Climate Week NYC 2015

Climate Week 2015, held in New York City between September 21-28, marked a waypoint in a critical year for sustainable development and energy efficiency. Amid noteworthy events at the United Nations, including an address to the UN General Assembly by Pope Francis and the UN’s adoption of the 2030 Agenda for Sustainable Development, energy productivity took a front seat, with the September 21 presentation by ClimateWorks Australia of a new index designed to measure corporate energy productivity. The Alliance’s own senior vice president for policy, Kelly Speakes-Backman, also took the stage to promote high-efficiency lighting.

In his speech, Pope Francis underlined a global urgency to combat climate change. Pope Francis described the adoption of the 2030 Agenda for Sustainable Development as an “important sign of hope” and expressed confidence that negotiators will successfully come to a post-Kyoto climate agreement at the UNFCCC 21st Conference of the Parties (COP21) in Paris this December.

As the deadline looms for the world’s nations to achieve a climate agreement, the UN’s adoption of 17 Sustainable Development Goals serves as a signpost for future work by the international community. These goals range from ending poverty to improving global infrastructure. The seventh goal – Affordable and Clean Energy – reflects the priorities of the UN Sustainable Energy For All Initiative of improving access to energy, doubling the rate of energy efficiency improvement and increasing the share of renewable energy in the global energy mix.

Elsewhere in New York, energy productivity proponents at ClimateWorks Australia announced the development of an international corporate energy productivity index. This index is being developed in collaboration with one of the most substantial U.S. institutional investors, California State Teachers' Retirement System (CalSTRS).
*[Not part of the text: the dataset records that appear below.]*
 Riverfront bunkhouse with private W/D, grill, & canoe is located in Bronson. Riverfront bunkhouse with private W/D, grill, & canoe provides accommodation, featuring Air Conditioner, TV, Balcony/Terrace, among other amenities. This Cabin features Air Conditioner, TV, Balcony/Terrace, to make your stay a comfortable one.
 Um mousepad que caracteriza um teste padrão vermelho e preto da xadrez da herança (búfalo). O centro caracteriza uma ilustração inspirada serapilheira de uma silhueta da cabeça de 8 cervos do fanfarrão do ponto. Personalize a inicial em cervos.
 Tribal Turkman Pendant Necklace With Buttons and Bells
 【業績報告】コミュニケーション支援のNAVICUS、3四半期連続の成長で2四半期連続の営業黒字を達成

To help investors make more informed financial decisions, the index will help them evaluate the energy productivity of corporations around the world by benchmarking leaders and laggards. A full report will be released later in 2015.
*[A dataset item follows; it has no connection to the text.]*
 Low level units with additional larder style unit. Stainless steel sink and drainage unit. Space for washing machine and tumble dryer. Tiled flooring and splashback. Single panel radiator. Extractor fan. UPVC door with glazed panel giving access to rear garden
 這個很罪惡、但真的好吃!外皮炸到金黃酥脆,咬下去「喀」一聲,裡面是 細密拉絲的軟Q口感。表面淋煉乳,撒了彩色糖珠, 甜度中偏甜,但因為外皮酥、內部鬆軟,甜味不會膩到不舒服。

Meanwhile, the Alliance’s own senior vice president of policy and research, Kelly Speakes-Backman, participated in a roundtable event promoting the adoption of LED lighting for street lighting. Cities that have adopted outdoor LED lighting typically save between 50 percent and 70 percent. Roundtable participants discussed the financial and technical barriers to adopting LED lighting. The Climate Group, as the host of the roundtable, issued a call-to-action for utilities and cities to adopt LED streetlights by 2025. The Climate Group also announced a new global campaign: LED = Lower Emissions Delivered. The campaign will release a series of reports on the non-technical barriers for adoption of LED lighting to help cities achieve their energy and climate goals.
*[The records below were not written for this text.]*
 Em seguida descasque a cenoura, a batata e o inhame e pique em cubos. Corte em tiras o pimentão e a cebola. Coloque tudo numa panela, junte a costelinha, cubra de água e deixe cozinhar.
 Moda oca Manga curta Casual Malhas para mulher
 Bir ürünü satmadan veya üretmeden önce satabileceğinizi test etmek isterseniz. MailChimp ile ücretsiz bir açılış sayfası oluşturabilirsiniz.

With the final Paris negotiations rapidly approaching, the international community has built significant momentum for meaningful changes in energy productivity and sustainable development. The events of Climate Week highlighted much of the work that is going on in support of that process. Notable takeaways from this week include the cross-sector collaboration and interest in energy productivity, and the trajectory that has developed from this cooperation for establishing global energy solutions.